SOURCE MATERIAL
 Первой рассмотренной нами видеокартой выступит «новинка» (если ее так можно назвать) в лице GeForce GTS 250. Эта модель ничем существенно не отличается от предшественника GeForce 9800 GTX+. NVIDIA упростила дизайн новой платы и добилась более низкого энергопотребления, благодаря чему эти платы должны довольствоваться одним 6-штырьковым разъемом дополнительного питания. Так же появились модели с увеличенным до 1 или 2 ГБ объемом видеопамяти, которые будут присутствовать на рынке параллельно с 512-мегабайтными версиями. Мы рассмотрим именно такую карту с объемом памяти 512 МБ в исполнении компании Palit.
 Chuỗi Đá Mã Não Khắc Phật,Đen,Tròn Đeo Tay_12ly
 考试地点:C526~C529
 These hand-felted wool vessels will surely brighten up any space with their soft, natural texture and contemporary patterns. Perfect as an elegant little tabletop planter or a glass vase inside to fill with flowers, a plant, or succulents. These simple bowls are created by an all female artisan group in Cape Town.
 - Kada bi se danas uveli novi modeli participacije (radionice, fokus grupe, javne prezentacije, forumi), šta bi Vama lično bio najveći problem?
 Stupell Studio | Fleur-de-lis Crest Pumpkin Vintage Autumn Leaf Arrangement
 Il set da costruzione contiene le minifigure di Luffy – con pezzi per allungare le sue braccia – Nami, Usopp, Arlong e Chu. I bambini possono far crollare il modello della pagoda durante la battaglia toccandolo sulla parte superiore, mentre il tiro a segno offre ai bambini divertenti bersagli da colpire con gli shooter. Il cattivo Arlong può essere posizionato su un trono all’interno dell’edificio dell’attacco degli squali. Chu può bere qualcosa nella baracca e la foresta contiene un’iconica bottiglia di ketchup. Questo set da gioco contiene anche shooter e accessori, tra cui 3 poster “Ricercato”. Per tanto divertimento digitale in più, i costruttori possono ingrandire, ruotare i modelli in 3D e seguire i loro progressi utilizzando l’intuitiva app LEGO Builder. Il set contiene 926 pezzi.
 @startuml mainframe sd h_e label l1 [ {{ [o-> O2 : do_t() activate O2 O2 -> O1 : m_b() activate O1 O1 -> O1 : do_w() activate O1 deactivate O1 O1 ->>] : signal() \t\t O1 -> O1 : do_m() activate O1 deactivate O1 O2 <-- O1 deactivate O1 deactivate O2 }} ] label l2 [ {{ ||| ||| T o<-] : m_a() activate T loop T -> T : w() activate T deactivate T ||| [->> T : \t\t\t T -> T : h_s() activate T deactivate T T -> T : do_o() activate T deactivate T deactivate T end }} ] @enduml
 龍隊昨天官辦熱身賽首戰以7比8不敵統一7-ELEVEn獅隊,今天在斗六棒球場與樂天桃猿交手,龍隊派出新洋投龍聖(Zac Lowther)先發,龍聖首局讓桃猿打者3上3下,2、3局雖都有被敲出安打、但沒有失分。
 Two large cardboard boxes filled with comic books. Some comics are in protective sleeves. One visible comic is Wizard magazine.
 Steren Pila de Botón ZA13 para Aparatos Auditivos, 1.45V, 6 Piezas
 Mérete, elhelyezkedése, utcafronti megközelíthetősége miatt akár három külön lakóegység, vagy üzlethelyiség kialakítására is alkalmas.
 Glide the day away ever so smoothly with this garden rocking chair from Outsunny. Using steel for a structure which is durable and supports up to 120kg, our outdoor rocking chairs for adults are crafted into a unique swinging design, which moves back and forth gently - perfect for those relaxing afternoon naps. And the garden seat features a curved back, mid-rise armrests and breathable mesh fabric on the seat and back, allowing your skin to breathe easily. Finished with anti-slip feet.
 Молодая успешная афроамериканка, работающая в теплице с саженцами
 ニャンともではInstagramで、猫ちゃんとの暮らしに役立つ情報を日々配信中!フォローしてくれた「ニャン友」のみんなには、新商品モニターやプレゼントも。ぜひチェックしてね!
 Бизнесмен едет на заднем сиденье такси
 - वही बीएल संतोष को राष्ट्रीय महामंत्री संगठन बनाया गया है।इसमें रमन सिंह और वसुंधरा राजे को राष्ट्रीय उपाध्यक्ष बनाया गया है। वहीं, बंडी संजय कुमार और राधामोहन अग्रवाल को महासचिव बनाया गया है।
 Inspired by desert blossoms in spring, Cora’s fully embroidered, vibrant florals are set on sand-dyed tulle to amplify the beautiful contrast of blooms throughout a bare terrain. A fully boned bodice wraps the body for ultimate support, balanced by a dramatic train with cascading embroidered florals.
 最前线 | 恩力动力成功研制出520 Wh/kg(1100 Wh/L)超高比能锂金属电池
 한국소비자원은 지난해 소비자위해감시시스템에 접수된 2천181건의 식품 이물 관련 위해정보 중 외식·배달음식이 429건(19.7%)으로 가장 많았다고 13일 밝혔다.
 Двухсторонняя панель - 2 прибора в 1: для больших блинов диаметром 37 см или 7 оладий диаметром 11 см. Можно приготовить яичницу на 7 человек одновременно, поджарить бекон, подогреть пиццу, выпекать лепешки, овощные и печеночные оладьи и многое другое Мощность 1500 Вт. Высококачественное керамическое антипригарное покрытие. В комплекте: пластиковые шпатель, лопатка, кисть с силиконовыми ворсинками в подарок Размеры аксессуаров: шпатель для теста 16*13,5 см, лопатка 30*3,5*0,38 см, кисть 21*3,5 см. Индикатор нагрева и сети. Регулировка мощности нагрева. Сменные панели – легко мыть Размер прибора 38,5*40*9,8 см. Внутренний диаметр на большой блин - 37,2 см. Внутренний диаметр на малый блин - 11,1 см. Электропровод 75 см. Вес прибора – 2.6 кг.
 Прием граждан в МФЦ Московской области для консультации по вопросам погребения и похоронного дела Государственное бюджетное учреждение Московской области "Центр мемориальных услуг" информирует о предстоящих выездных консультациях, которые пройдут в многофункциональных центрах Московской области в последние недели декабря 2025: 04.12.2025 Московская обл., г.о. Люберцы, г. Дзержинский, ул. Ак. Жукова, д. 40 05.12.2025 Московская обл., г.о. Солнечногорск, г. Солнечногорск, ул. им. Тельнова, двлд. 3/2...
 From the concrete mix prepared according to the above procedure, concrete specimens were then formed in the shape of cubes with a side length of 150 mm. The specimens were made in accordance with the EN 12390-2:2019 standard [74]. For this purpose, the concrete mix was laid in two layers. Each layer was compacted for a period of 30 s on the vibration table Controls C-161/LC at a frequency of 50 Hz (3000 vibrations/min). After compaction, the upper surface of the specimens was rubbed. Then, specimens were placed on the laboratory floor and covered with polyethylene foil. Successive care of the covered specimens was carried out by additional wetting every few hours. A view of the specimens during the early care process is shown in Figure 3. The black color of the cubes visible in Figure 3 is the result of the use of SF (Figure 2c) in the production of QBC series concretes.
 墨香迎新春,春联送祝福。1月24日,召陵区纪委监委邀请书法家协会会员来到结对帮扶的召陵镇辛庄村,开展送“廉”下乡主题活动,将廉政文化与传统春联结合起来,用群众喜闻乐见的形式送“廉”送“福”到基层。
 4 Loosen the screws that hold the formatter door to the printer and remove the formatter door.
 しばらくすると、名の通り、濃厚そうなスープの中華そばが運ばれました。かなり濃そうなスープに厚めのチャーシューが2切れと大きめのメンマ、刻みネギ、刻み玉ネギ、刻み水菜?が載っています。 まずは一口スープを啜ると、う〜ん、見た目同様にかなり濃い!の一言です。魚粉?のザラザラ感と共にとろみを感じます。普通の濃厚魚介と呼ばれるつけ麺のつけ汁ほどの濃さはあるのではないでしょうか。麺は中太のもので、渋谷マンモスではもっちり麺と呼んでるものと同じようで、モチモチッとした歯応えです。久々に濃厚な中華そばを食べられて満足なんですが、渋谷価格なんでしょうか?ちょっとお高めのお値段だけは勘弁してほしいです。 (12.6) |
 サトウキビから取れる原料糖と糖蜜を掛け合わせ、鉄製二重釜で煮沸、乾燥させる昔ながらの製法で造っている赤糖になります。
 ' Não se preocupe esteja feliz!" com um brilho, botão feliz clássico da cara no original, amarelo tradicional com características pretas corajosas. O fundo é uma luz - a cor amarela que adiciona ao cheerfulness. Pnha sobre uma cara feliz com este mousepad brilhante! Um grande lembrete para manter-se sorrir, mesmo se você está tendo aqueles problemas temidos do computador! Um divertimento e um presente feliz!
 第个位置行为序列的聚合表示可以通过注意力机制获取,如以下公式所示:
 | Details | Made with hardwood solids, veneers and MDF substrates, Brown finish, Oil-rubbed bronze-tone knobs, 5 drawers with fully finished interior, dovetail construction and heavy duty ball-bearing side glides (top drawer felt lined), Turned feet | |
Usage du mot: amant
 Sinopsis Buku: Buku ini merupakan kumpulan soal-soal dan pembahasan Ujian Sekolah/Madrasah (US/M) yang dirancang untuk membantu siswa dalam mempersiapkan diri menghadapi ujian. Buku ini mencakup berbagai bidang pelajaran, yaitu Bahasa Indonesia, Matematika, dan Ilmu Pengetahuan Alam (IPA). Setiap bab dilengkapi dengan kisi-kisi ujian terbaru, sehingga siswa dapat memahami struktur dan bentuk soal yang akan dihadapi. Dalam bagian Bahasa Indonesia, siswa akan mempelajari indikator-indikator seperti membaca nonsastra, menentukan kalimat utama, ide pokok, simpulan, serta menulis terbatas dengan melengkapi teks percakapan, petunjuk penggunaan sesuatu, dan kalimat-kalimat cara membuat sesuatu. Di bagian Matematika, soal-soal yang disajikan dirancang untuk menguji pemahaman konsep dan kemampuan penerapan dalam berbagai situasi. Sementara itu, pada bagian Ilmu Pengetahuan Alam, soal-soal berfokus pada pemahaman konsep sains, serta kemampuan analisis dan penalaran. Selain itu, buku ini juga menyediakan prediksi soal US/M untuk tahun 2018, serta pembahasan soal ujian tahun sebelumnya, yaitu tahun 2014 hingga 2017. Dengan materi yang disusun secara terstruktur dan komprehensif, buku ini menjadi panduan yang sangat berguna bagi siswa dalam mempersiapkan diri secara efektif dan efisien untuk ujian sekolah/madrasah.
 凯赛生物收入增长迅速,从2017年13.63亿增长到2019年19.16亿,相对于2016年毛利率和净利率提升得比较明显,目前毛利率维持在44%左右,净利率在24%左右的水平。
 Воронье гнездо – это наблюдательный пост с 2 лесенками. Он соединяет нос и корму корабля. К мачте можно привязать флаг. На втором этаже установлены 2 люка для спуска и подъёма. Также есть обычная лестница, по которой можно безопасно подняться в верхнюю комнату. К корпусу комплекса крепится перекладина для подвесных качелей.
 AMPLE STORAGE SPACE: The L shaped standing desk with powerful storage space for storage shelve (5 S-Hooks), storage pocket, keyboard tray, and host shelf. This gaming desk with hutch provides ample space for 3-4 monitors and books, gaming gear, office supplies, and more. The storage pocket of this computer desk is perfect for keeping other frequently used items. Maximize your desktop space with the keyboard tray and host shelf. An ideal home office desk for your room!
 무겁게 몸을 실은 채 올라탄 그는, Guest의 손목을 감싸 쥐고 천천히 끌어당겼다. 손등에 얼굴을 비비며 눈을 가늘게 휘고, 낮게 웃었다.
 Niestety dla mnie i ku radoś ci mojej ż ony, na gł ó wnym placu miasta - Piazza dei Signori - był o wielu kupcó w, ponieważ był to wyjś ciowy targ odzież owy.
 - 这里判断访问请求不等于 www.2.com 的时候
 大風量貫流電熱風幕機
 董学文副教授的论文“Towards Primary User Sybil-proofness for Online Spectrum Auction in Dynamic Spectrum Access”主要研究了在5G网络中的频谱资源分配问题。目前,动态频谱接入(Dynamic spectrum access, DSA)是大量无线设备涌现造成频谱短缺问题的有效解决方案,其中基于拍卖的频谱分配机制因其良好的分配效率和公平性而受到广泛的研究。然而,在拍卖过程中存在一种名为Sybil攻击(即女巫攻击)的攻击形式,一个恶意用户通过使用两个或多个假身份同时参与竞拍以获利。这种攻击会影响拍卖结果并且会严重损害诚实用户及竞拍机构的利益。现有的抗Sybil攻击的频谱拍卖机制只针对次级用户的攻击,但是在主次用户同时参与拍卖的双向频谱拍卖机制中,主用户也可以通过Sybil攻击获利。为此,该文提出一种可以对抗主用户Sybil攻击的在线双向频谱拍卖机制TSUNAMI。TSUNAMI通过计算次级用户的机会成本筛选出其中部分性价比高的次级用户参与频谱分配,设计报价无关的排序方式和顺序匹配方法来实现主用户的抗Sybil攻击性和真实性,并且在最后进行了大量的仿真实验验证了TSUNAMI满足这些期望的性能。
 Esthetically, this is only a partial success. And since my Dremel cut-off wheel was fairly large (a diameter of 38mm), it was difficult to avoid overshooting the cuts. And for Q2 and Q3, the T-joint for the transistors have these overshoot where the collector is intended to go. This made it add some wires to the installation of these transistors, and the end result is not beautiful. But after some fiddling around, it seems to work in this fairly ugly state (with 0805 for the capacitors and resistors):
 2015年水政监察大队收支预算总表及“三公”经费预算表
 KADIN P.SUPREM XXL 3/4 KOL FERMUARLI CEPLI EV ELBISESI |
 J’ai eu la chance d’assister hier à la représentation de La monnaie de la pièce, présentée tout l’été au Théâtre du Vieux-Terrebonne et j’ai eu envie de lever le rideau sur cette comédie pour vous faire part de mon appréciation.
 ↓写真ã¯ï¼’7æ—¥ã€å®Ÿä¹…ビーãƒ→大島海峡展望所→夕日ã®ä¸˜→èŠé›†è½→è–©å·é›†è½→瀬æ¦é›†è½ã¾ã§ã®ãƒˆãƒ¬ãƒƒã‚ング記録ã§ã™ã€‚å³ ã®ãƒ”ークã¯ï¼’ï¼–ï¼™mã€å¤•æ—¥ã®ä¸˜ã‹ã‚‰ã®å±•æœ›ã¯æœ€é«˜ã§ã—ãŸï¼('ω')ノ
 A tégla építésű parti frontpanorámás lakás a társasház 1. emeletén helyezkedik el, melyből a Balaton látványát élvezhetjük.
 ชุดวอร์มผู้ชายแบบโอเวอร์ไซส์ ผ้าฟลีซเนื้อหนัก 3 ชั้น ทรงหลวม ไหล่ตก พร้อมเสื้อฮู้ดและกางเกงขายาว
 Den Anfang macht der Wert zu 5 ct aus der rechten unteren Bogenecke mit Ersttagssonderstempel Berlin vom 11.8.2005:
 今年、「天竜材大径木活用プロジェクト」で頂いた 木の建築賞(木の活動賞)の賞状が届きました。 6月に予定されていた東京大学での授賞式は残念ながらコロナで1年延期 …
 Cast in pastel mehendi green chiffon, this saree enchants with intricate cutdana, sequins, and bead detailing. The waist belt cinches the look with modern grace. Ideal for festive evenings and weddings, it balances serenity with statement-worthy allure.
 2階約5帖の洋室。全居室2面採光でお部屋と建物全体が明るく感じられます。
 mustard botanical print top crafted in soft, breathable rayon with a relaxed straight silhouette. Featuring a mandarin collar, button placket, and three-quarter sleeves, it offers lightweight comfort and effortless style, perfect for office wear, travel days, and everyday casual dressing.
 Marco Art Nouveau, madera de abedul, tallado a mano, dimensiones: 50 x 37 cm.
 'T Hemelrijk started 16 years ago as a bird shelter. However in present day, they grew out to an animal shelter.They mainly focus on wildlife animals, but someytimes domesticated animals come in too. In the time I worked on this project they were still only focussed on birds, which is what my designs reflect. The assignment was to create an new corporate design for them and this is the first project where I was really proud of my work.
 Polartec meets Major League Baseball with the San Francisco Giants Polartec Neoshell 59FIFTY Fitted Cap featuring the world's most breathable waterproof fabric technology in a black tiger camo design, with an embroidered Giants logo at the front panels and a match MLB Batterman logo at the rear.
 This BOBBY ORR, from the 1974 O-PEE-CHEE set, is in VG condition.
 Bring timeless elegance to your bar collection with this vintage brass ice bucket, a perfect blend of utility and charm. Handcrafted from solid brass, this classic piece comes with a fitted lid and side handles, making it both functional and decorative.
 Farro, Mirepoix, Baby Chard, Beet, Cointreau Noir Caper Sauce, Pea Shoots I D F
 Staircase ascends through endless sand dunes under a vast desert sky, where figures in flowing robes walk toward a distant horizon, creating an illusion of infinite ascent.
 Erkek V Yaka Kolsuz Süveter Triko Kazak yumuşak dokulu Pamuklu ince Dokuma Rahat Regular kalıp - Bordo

WHAT IS EXPECTED
Reproduce exactly, and with no other material, the lines between those holding "Бизнесмен едет на заднем сиденье такси" and "- वही बीएल संतोष", inclusive.

FINAL ANSWER
 Бизнесмен едет на заднем сиденье такси
 - वही बीएल संतोष को राष्ट्रीय महामंत्री संगठन बनाया गया है।इसमें रमन सिंह और वसुंधरा राजे को राष्ट्रीय उपाध्यक्ष बनाया गया है। वहीं, बंडी संजय कुमार और राधामोहन अग्रवाल को महासचिव बनाया गया है।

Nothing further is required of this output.